If the commonPath function itself contains a guard that side-exits
at runtime, then (and only then) will one or more interpreter frames need to be
reconstructed.
Let's say after some number of iterations, the loop shown above side-exits at
the guard for usuallyTrue() because that function returns a falsy value.
We abort correctly back to the interpreter, but keep recording in case we can complete
another trace back to the same loop header, and extend the first into a
trace tree. This allows us to handle different paths through the control
flow graph (including inlined functions) under a hot loop.
What It All Means
Pulling back from the details, a few points deserve to be called out:
- We have, right now, x86, x86-64, and ARM support in TraceMonkey. This
means we are ready for mobile and desktop target platforms out of the box.
- As the performance keeps going up, people will write and transport code
that was "too slow" to run in the browser as JS. This means the web can
accomodate workloads that right now require a proprietary plugin.
- As we trace more of the DOM and our other native code, we increase the
memory-safe codebase that must be trusted not to have an exploitable bug.

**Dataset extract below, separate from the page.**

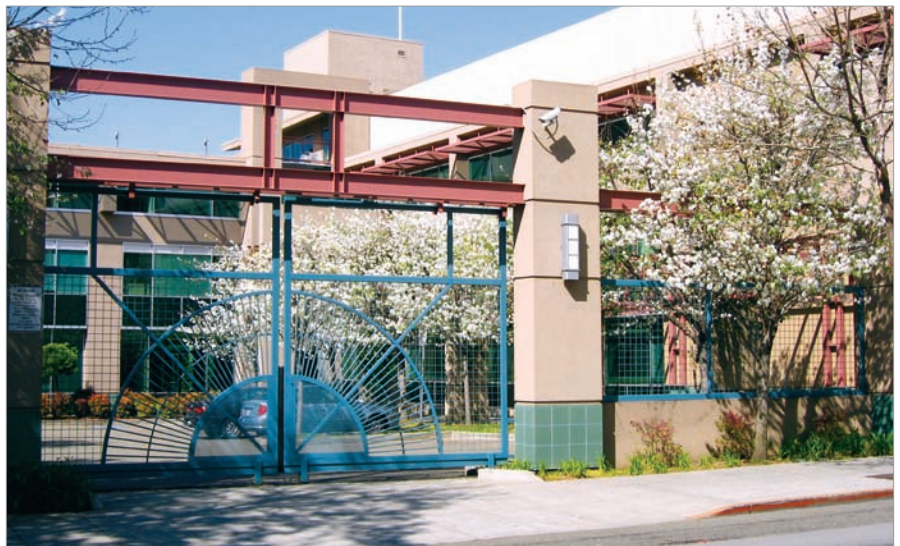
A decorative gate and fence screen a parking lot in Berkeley, California.

- Tracing follows only the hot paths, and builds a trace-tree cache. Cold
code never gets traced or JITted, avoiding the memory bloat that
whole-method JITs incur. Tracing is mobile-friendly.
- JS-driven
TraceMonkey advances us toward the
Mozilla
2 future where even more Firefox code is written in JS. Firefox gets
faster and safer as this process unfolds.
I believe that other browsers will follow our lead and take JS performance
through current interpreter speed barriers, using just-in-time native code
compilation. Beyond what TraceMonkey means for Firefox and other Mozilla
projects, it heralds the JavaScript Lightspeed future we've all been
anticipating. We are moving the goal posts and changing the game, for the
benefit of all web developers.
Acknowledgments
I would like to thank
Michael
Franz and the rest of his group at UC Irvine, especially
Michael Bebenita,
Mason Chang, and Gregor Wagner; also the National Science Foundation for supporting Andreas Gal's thesis.
I'm also grateful to Ed Smith and the Tamarin Tracing team at Adobe for the TT
Nanojit, which was a huge boost to developing TraceMonkey.
And of course, mad props and late night thanks to Team TraceMonkey: Andreas,
Shaver, David Anderson, with
valuable assists from Bob Clary, Rob Sayre, Blake Kaplan, Boris Zbarsky, and Vladimir Vukićević.